Być Matką.
W 2013 roku u pani Ani, dwudziestodziewięcioletniej matki dwójki dzieci, zdiagnozowano chorobę Hodgkina. To nowotwór układu limfatycznego – ziarnica złośliwa. Dla całej rodziny i wszystkich bliskich był to ogromny szok, zwłaszcza, że nikt w jej rodzinie nigdy nie chorował na nowotwór.
Pani Ania poddała się leczeniu, które polegało na systematycznym podawaniu mocnej dawki chemioterapii. Należało działać agresywnie, gdyż był to nowotwór złośliwy, więc kolejnym etapem były naświetlania czyli radioterapia.
Zapytaliśmy pani Ani, co pomogło im przeżyć ten trudny czas i znieść tyle bólu i niepewności.

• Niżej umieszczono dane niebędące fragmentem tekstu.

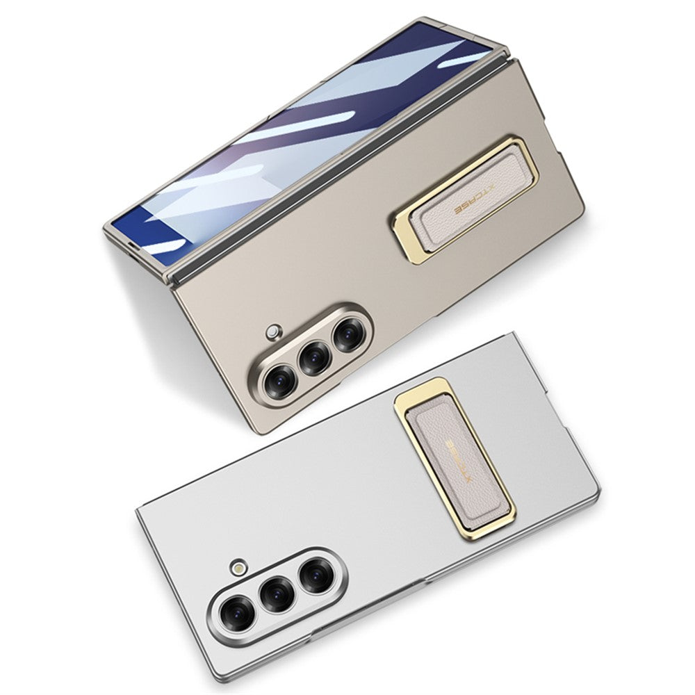 GKK For Samsung Galaxy Z Fold7 5G Case with Kickstand / Magnetic Strap PC Tempered Glass Phone Cover - Silver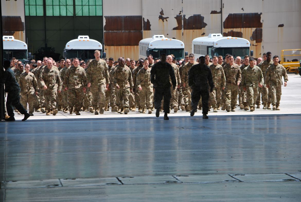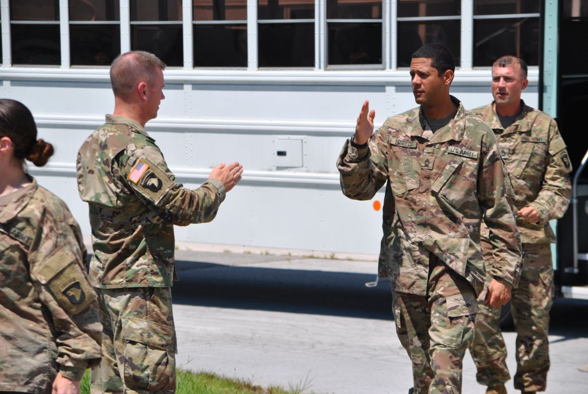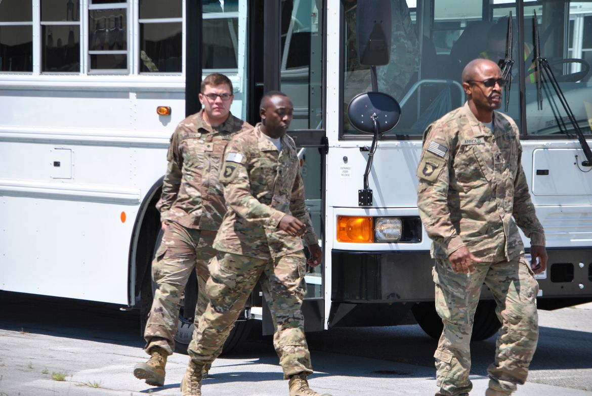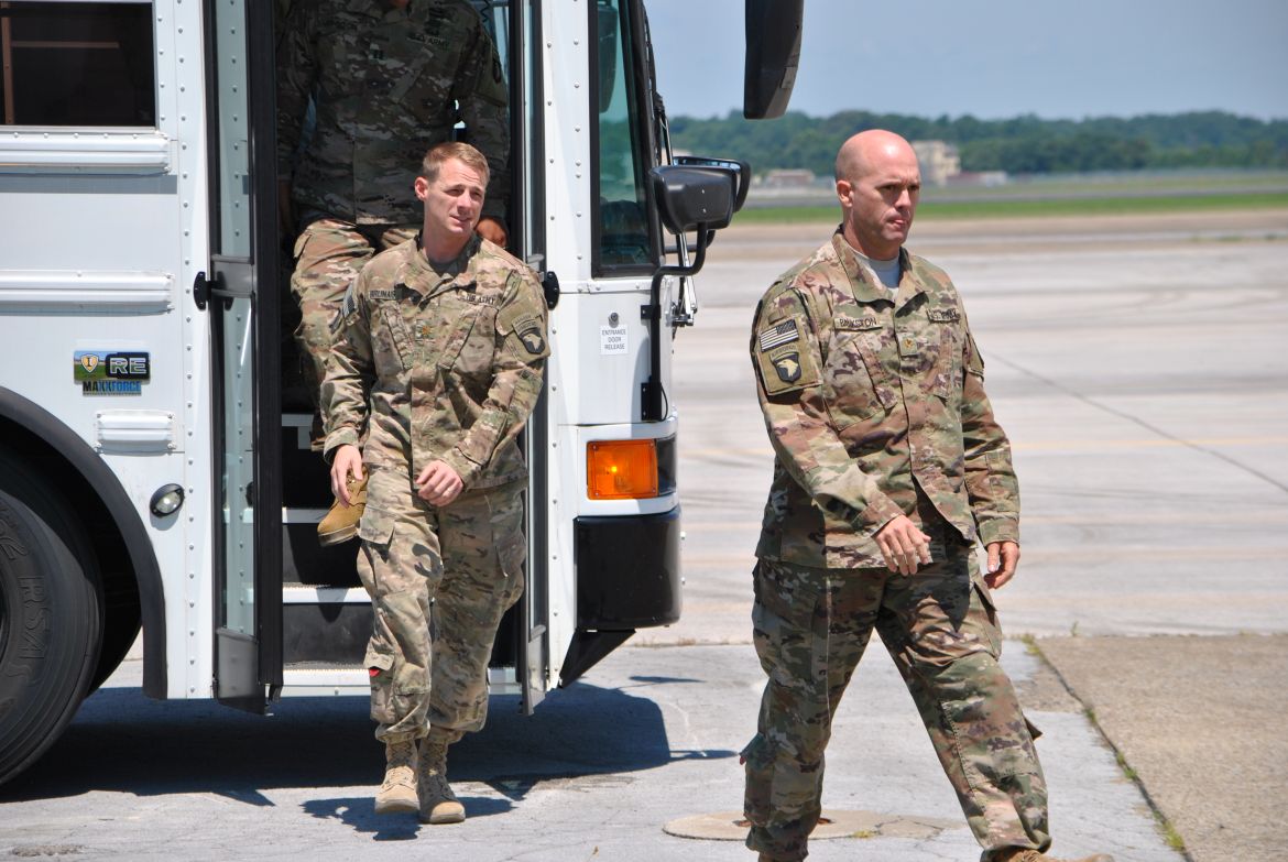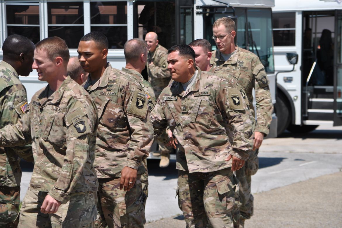 With the construction work going on at the airfield on Post, the 3rd BCT soldiers flew into Nashville earlier today and arrived by bus at Fort Campbell.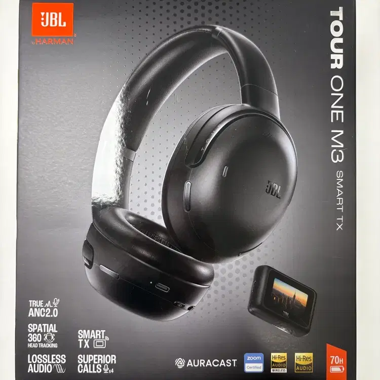 삼성공식파트너 JBL TOUR ONE M3 블루투스 헤드셋 스마트Tx Aura cast Hi-Res 트루어댑티브 노이즈캔슬링 빔포밍 마이크 최대70시간 블루투스5.3 무선 헤드셋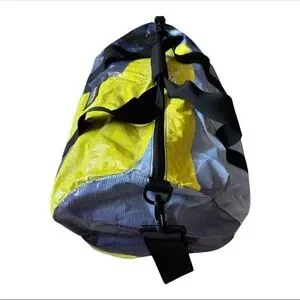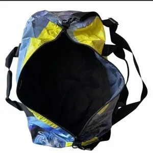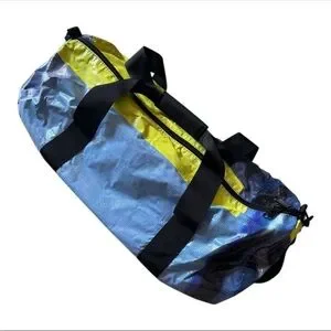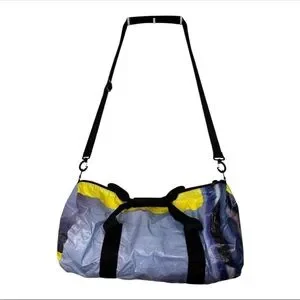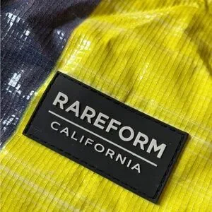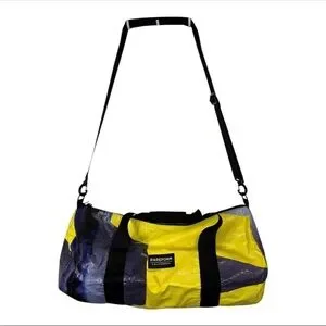 Stylish and durable Rareform California unisex duffel bag features a vibrant yellow and blue design. Perfect for travel or gym use, this bag combines functionality with a bold look. Size OS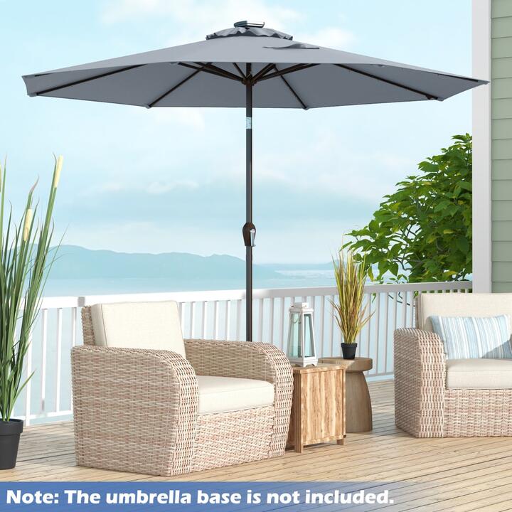 Energy-efficient Lighting: With a total of 24 built-in LED lights (3 on each rib), this outdoor umbrella can provide perfect lighting at night and create a warm atmosphere. More importantly, these lights are powered by solar panel on the canopy, saving energy in a green and efficient way. User-friendly Mechanisms: The convenient crank lifting system allows the umbrella to be easily opened and closed within seconds. The push-button tilt mechanism allows you to adjust the angle of the canopy in all directions to adapt to the moving sun, thus providing you with all-day shade enjoyment. Sturdy and Stable Construction: The heavy-duty iron pole with a diameter of 4 cm provides strong support. 8 sturdy umbrella ribs can effectively resist warping and other damage in the wind. In addition, the unique vent can promote air circulation while enhancing wind resistance to provide additional stability. Weather-Resistant Materials: The powder-coated finish of the metal frame is scratch-resistant and not easy to rust, ensuring a longer service life. The canopy is made of high-quality polyester fabric, which can effectively resist rain and sun rays. In addition, good color fastness allows the umbrella to remain elegant even when used outdoors for a long time. Multi-functional Applications: Our patio umbrellas can provide shade during the day and light up the party at night. It is suitable for residential and commercial locations, as well as any outdoor area such as garden, poolside and beach. When not in use, the sewn-in hook and loop fastener straps can easily wrap the closed umbrella for storage. Specification: Color: Beige/Brown/Blue/Burgundy Material: Iron + Polyester Fabric Canopy Diameter: 3 m Overall Height: 2.5 m Pole Diameter: 38 mm Net Weight: 17 kg Number of Ribs: 8 Number of Lights: 24 Package includes: 1 x Patio Umbrella with Solar Lights 1 x User’s Manual Box Qty:1(May vary by batch)

– Zawsze najważniejszy dla mnie był Pan Bóg i nawet przy tak dużym doświadczeniu nie przyszło mi nawet przez myśl, żeby się od Niego odwracać, żeby się buntować, czy pytać: dlaczego to mnie spotkało, dlaczego ja!? Wraz z całą rodziną zaczęliśmy się modlić i szukać pocieszenia w Panu Bogu. Wtedy usłyszeliśmy, że Matka Boża Jaśliska wyprasza bardzo dużo łask dla ludzi, którzy za jej wstawiennictwem modlą się o uzdrowienie. Ponieważ Jaśliska znajdują się około 20 kilometrów od mojej miejscowości, więc udaliśmy się przed obraz Matki Bożej, aby Ją prosić o opiekę i siłę na całe leczenie oraz o łaskę uzdrowienia. Odprawiane były Msze Święte w mojej intencji przed Jej obrazem, moja rodzina uczestniczyła w pieszych pielgrzymkach na Lipowiec. Pielgrzymki te organizowane są od maja do października, a w mojej intencji odprawionych było kilka. Niestety, nie mogłam w nich uczestniczyć z powodu leczenia i osłabienia organizmu.
Chemioterapia prowadzona w szpitalu w Brzozowie pod nadzorem doktora Radwańskiego przebiegała bardzo dobrze. Już pierwsze dawki chemii sprawiły dużą poprawę i zmniejszenie guzów. Po skończonej chemioterapii okazało się jednak, że niektóre guzy są jeszcze aktywne, więc poddałam się radioterapii. Stale czułam na sobie opatrzność Matki Bożej Jaśliskiej, która dawała się odczuć w każdym dniu. Podczas całego leczenia czułam spokój i byłam dobrej myśli. Wiedziałam, że Pani Jaśliska czuwa nade mną i że wszystko skończy się dobrze. I tak się stało. Po końcowych badaniach okazało się, że jestem zdrowa. Jestem przekonana, że to za wstawiennictwem Matki Bożej Jaśliskiej.
W trakcie jednej z wizyt zapytaliśmy z mężem lekarza, czy mamy jeszcze jakieś szanse na zajście w ciążę po takim leczeniu. Lekarz powiedział, że najpierw trzeba zakończyć leczenie, a w dłuższej perspektywie starać się o zajście w ciążę w późniejszym czasie. Nie napawało nas to optymizmem.
Już wtedy mieliśmy syna i córkę, więc dziękowałam Bogu, że ich mam, chociaż moim marzeniem było mieć trójkę lub więcej dzieci. W lutym 2014 r. skończyłam radioterapię a w maju 2014 okazało się że jestem w ciąży i to bliźniaczej. Całą ciążę odczuwaliśmy duży niepokój i martwiliśmy się o to, czy urodzą się nam zdrowe dzieci. W styczniu 2015 roku urodziły się nam dwie zdrowie i śliczne córki – Antonina i Aniela.
Zarówno dla mnie, jak i dla mojej rodziny, fakt urodzenia dwóch zdrowych córek po tak intensywnym leczeniu onkologicznym jest widocznym znakiem obecności i pomocy od Maryi, która nie opuściła nas podczas tych trudnych chwil.